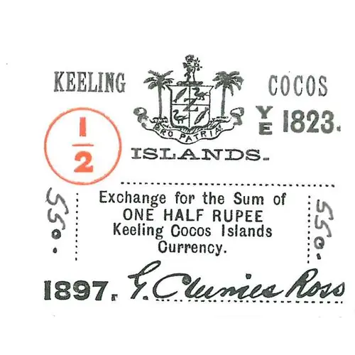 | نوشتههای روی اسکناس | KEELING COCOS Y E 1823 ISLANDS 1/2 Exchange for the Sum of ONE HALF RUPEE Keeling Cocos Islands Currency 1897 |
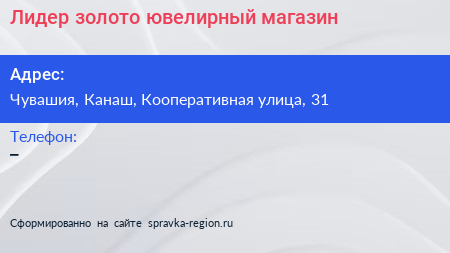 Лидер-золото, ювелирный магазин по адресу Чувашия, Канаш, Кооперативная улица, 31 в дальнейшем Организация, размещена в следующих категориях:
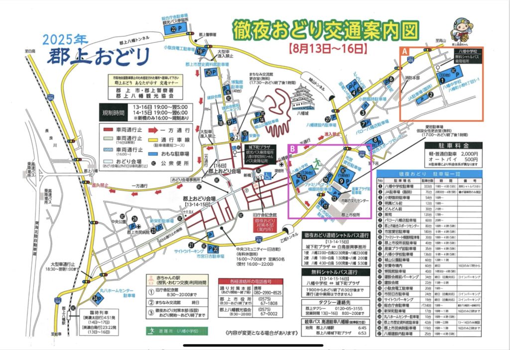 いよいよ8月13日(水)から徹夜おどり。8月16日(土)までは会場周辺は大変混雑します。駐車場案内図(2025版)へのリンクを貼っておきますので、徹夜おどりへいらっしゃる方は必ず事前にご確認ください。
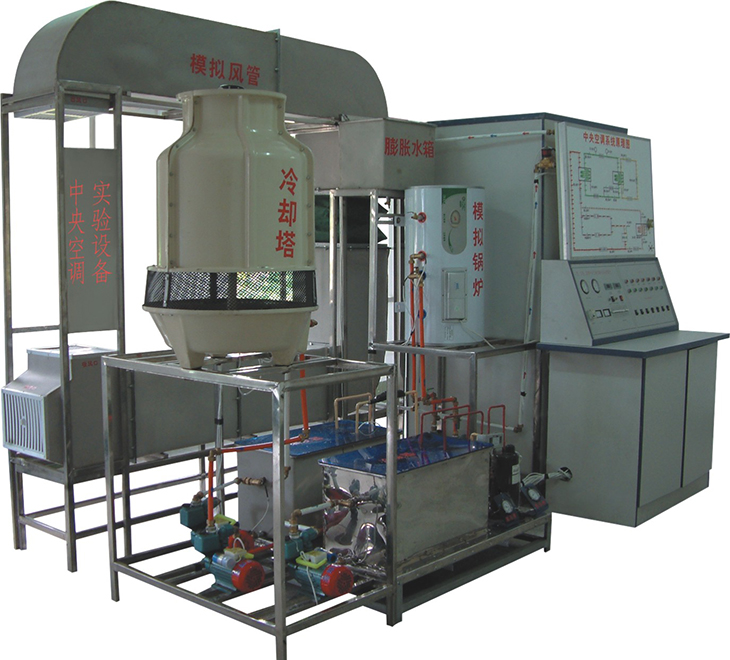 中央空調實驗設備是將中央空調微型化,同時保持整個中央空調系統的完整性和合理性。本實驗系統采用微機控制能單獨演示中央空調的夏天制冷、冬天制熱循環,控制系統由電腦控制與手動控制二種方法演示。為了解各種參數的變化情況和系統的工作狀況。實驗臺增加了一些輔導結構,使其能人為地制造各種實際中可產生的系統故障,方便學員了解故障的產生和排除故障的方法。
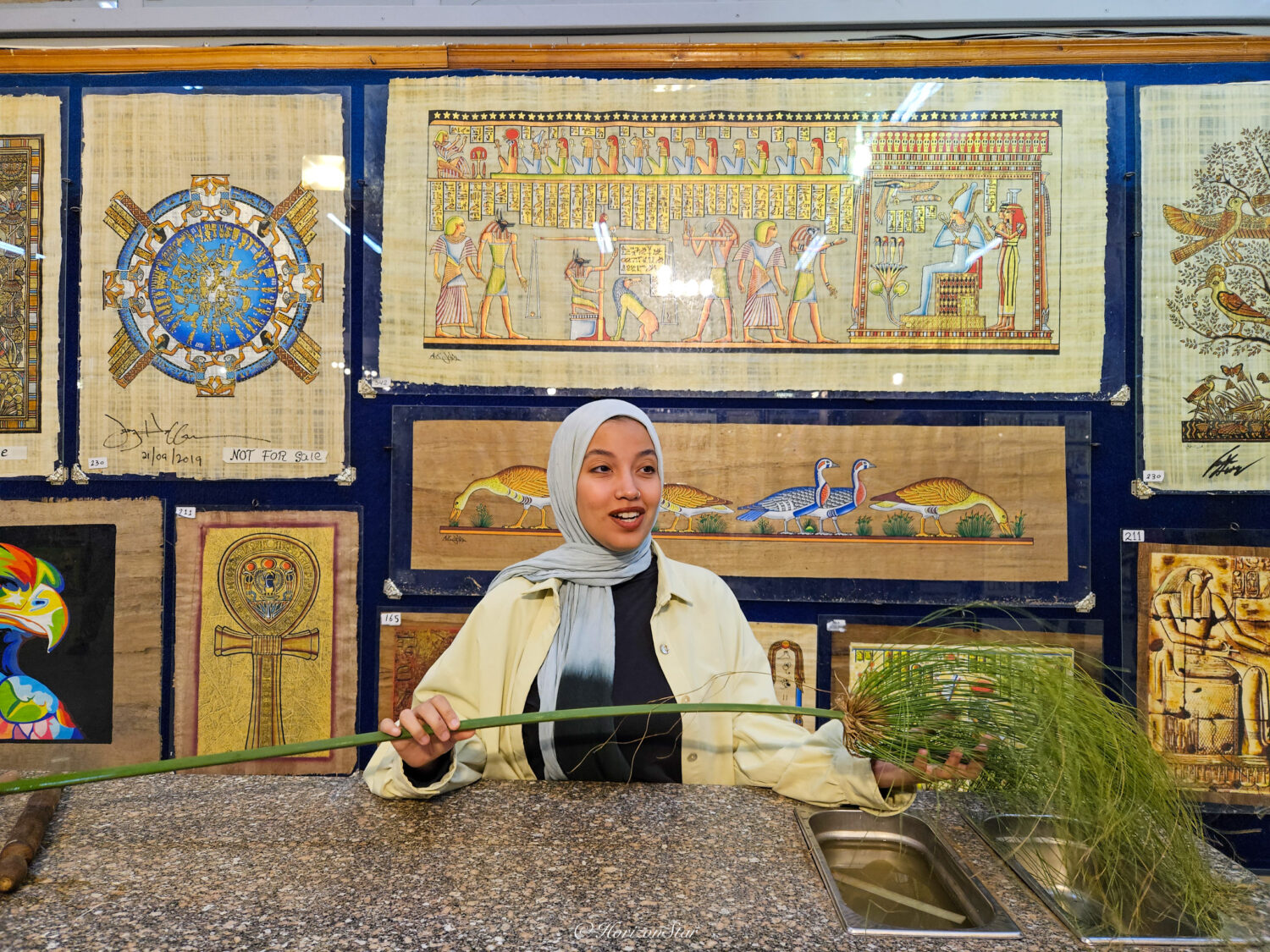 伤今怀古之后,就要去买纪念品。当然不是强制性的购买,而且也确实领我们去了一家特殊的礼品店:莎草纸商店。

▶ **Your instructions**: From the records above, transcribe only the stretch from the line with "いよいよ8月13日(水)から" through the line with "中央空調實驗設備是將中央空調", keeping both ends. Omit pictures.

▶ **Exercise answer**:
 いよいよ8月13日(水)から徹夜おどり。8月16日(土)までは会場周辺は大変混雑します。駐車場案内図(2025版)へのリンクを貼っておきますので、徹夜おどりへいらっしゃる方は必ず事前にご確認ください。
 中央空調實驗設備是將中央空調微型化,同時保持整個中央空調系統的完整性和合理性。本實驗系統采用微機控制能單獨演示中央空調的夏天制冷、冬天制熱循環,控制系統由電腦控制與手動控制二種方法演示。為了解各種參數的變化情況和系統的工作狀況。實驗臺增加了一些輔導結構,使其能人為地制造各種實際中可產生的系統故障,方便學員了解故障的產生和排除故障的方法。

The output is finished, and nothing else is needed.